If you were here, I would dearly love to turn to you, as I did to Bette, and say, “What just happened?” Here is what I think happened. In the first season of The Good Doctor, they have developed a racism subplot and a sexism subplot to supplement the handicapped theme—the “good doctor” is autistic—which is the main driver of the show.
In Season I, Episodes 10, 11, and 12, one of these two plot developments absolutely floored me and the other followed a very familiar pattern. It is the racism subplot that has turned strange; the sexism subplot is thoroughly predictable.
The Sexism Subplot
We are going to have to do some plot now. I’m going to be using a lot of pictures because most of the characters are non-white and that matters in this account.
Step 1 Dr. Coyle (Eric Winter) inappropriately propositions Dr. Browne (Antonia Thomas) in one of the operating rooms of St. Bonaventure Hospital in San Jose. Here are Dr. Coyle
and Dr. Browne. She reproves him as she should and reports him as she should. But Dr. Kalu, her boyfriend, (that’s a gross characterization, but it’s good enough for this small turn of the plot) is angry and physically assaults Dr. Coyle. And then he gets fired for having done that.
Step 2 Dr.
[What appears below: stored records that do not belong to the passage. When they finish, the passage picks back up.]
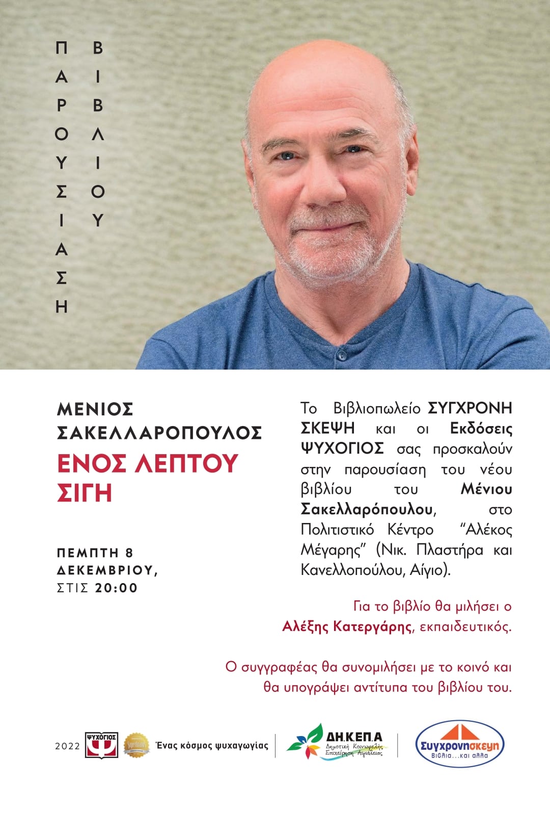 Το Βιβλιοπωλείο ΓΩΝΙΑ ΤΟΥ ΒΙΒΛΙΟΥ – ΠΑΠΑΧΡΙΣΤΟΥ και οι Εκδόσεις ΨΥΧΟΓΙΟΣ συνδιοργανώνουν παρουσίαση του βιβλίου του Μένιου Σακελλαρόπουλου ΕΝΟΣ ΛΕΠΤΟΥ ΣΙΓΗ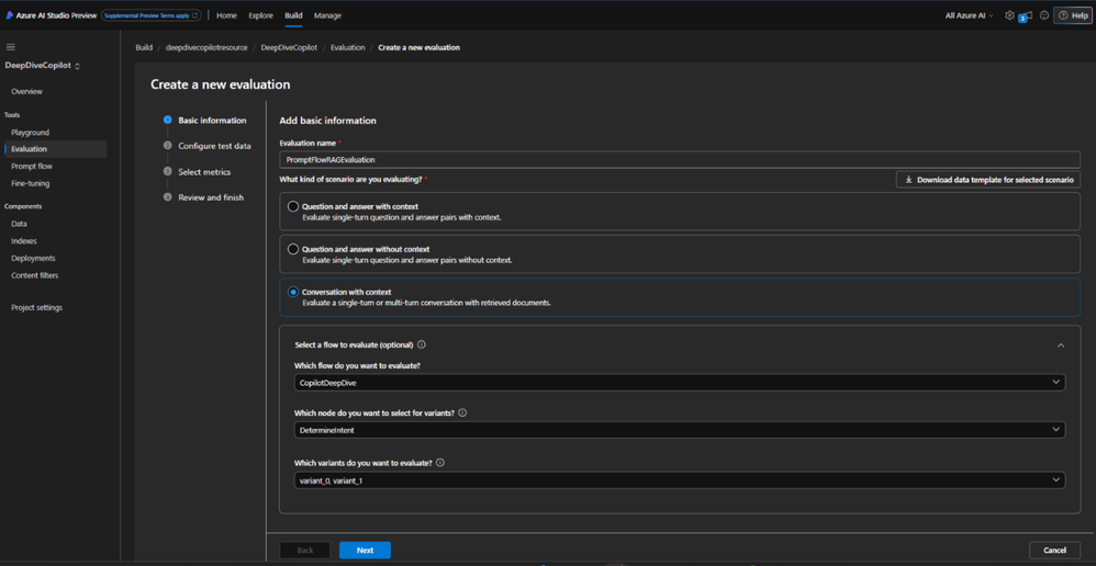 5. Evaluate the flow: Under Tools -> Evaluation, click on New evaluation. Choose Conversation with context and select a flow you want to evaluate. Here we are testing two variants of prompt: Variant_0 and Variant_1. Click on Next.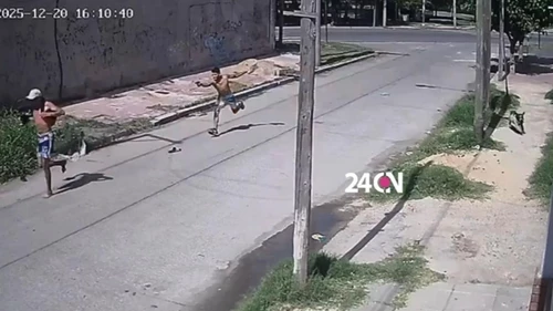Según se observa en una cámara de seguridad que registró la secuencia, el agresor efectuó reiterados disparos durante la persecución. En la huida, el hombre perdió las ojotas y continuó descalzo por varios metros, hasta que cayó herido en la calle.

Kalu wants his job back, so he hires a lawyer to make the case that his punishment is much greater than the punishment of several white doctors who were reproved for having done the same thing Dr. Coyle did. [1] The severity of Dr. Kalu’s punishment is said either to be racism or to be something that will look like racism when Dr. Kalu’s lawyer takes the case to court when he sues the hospital.
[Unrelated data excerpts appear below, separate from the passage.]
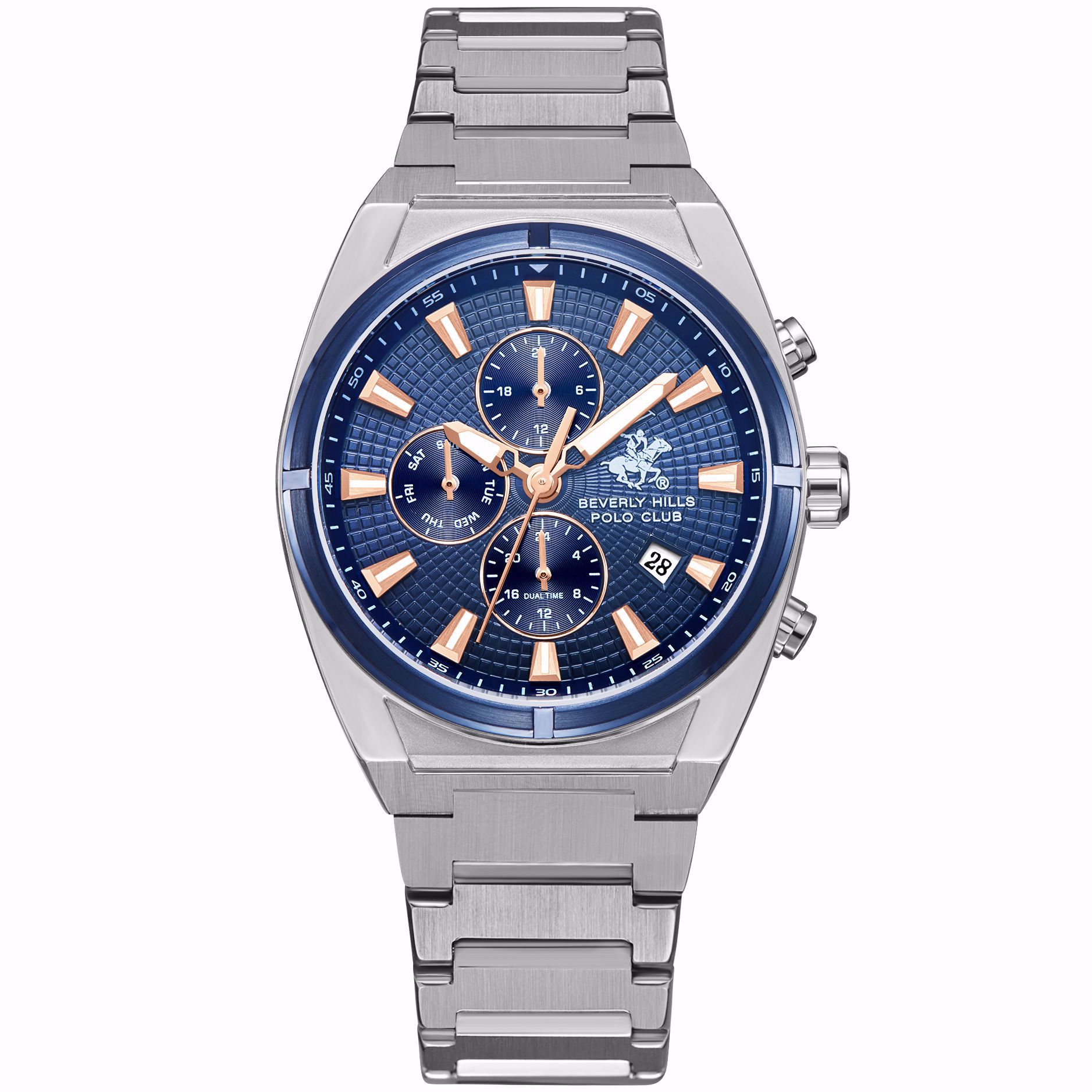 این طرح از برند ساعت پولو بورلی هیلز با طراحی خاص خود برای تیپهای اسپرت و نیمه اسپرت بسیار مناسب میباشد. بند و بدنه ی این ساعت پولو از جنس استیل است و از ترکیب رنگ های نقره ای و سرمه ای و رزگلد در آن استفاده شده. از ویژگیهای منحصر به فرد این ساعت میتوان به طراحی اسپرت ساعت همراه با سه موتوره و یا فول دیت بودن آن اشاره کرد و همچنین طراحی صفحه ی ساعت نیز زیبایی آن را دو چندان میکند. این طرح از برند پولو دارای نمایشگر روزهای ماه و هفته و وضعیت 24 ساعته نیز است. عقربه ی کوچک پایینی ساعت نیز ساعت متفاوتی است که با دکمه های بالا و پایین میشود آن را به ساعت کشور های دیگری تنظیم کرد. عقربه ها و ایندکسهای این ساعت نیز شبنما میباشند. جنس بند و بدنه ی این ساعت از استیل 318L بوده که بهترین نوع استیل است و کاملا رنگ ثابت میباشد. این ساعت پولو اورجینال بوده و با پکیج کامل به همراه دفترچه گارانتی خدمت مشتری ارسال میشود.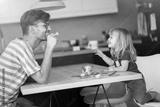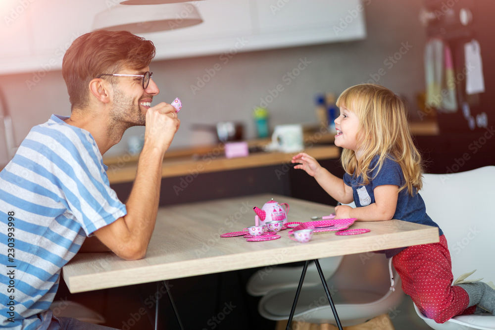 Father and daughter having a tea party at home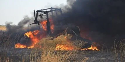 Новенький голландский трактор New Holland полностью сгорел. Такая же участь едва не постигла автоцистерну Iveco — водитель успел увести автомобиль буквально в последнюю секунду.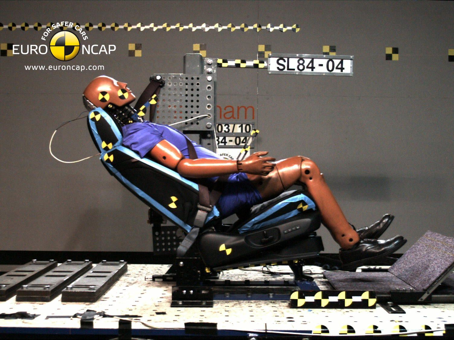 A Mazda CX-7 jól védi utasait, de ráfutásos baleset szimulálásakor a bábu feje a fejtámla fölé került, így súlyos nyaksérülést valószínűsítenek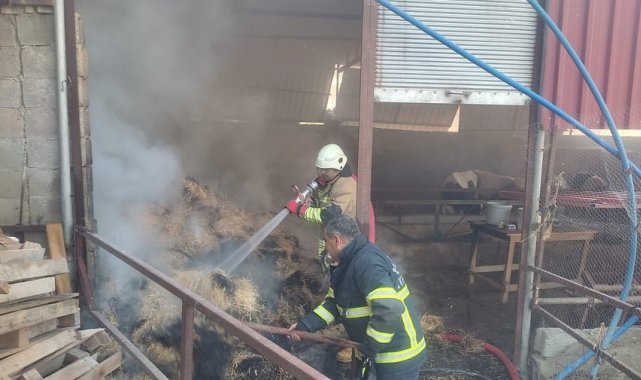 Hatay'da samanlıkta çıkan yangın, ahırsa sıçramadan itfaiye ekipleri tarafından söndürüldü.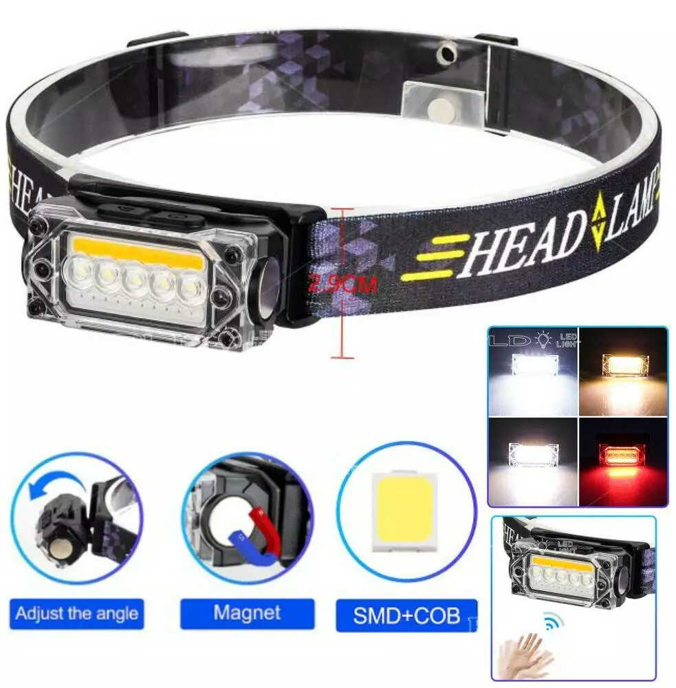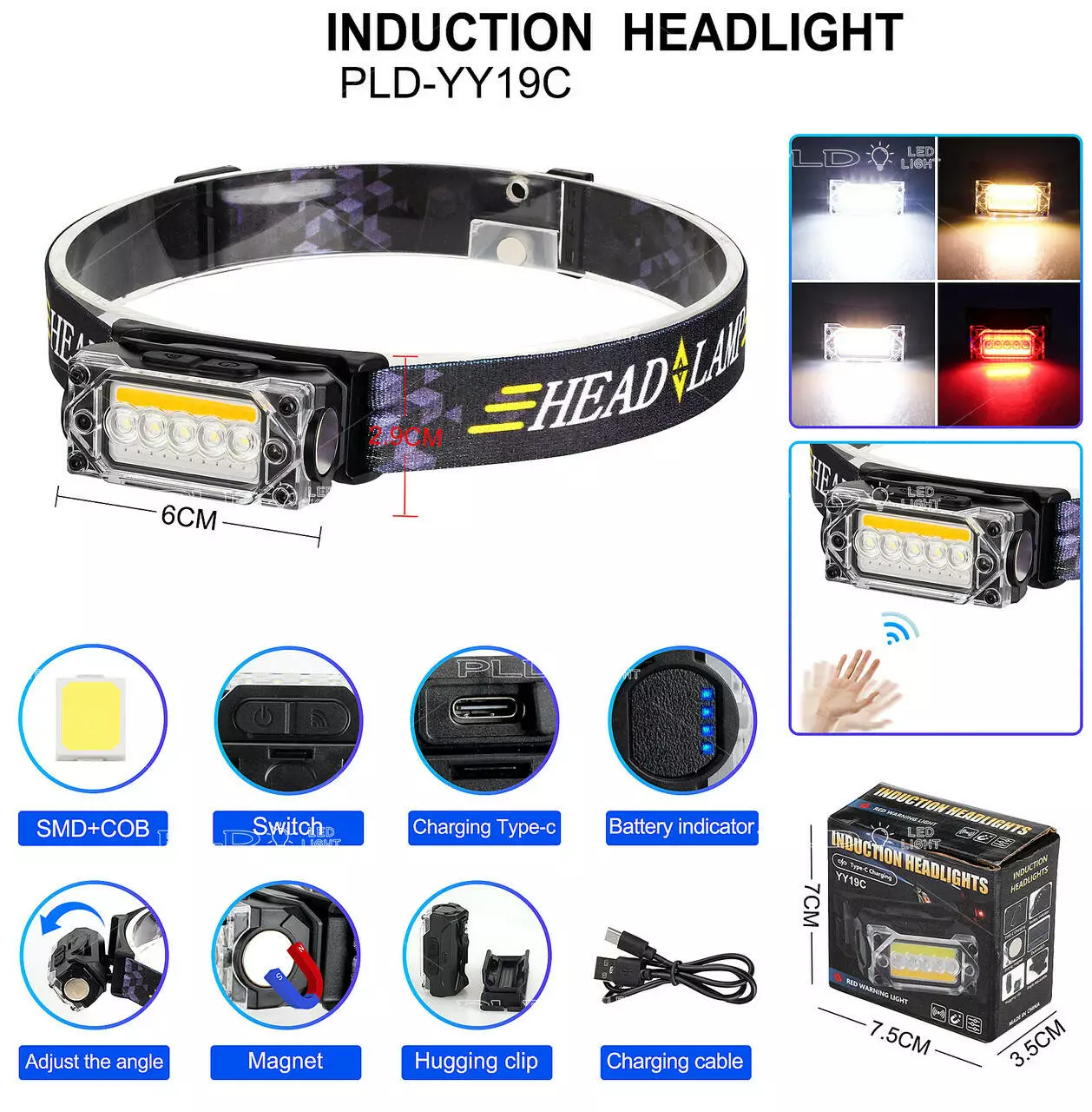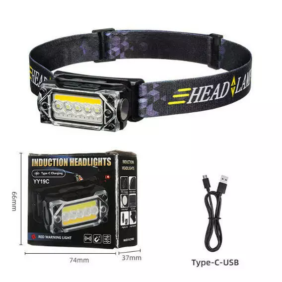 Ліхтар налобний YY-19С-5SMD+COB(white+yellow+red), Motion Sensor, Li-Ion акумулятор, ЗП Type-C, магніт, Box

This requires a confrontation between Allegra Aoki (Tamlyn Tomita), who is Chair of the
St. Bonaventure Foundation—that means she presides over the sources of the money that fund the hospital—and Jessica Preston, (Beau Garrett) who is Vice Chair of Risk Management. You see them here.
Step 3 Ms. Aoki agrees the settle the case rather than to allow it to go to court, the result of which is the Dr. Kalu gets his job back. That means he returns to his position as surgical resident under Dr. Andrews, who is furious with him for doing what he had to do to get his job back. Here are Dr. Andrews and Dr. Kalu. Keep this picture in your mind when you see the line, “It sets us (us!) back two steps.”
Step 4 Dr. Coyle has been “punished” by being transferred to a different hospital at a higher salary, but that is not enough for Dr. Browne. She complains to Ms. Aoki that the punishment is not severe enough. Ms. Aoki agrees, but says that all Dr. Browne has, from a legal standpoint, is a case of he said/she said, which is not a strong case. So Dr. Browne heads out to round up other women who may have been abused by Dr. Coyle (#me too!) and in the last scene of these three episodes, finds one.
A familiar problem with a familiar solution
Let’s take the harassment problem first. Dr. Coyle is a creep. He is not a racist, but he is a creep. Dr. Browne complained about his behavior and he was punished, but not severely enough to satisfy Dr. Browne, who is pretty sure that Dr. Coyle is going to continue to operate [2] in the way he did at St. Bonaventure. So Dr. Browne goes out looking for other women who may have experiences inappropriate advances from Dr. Coyle.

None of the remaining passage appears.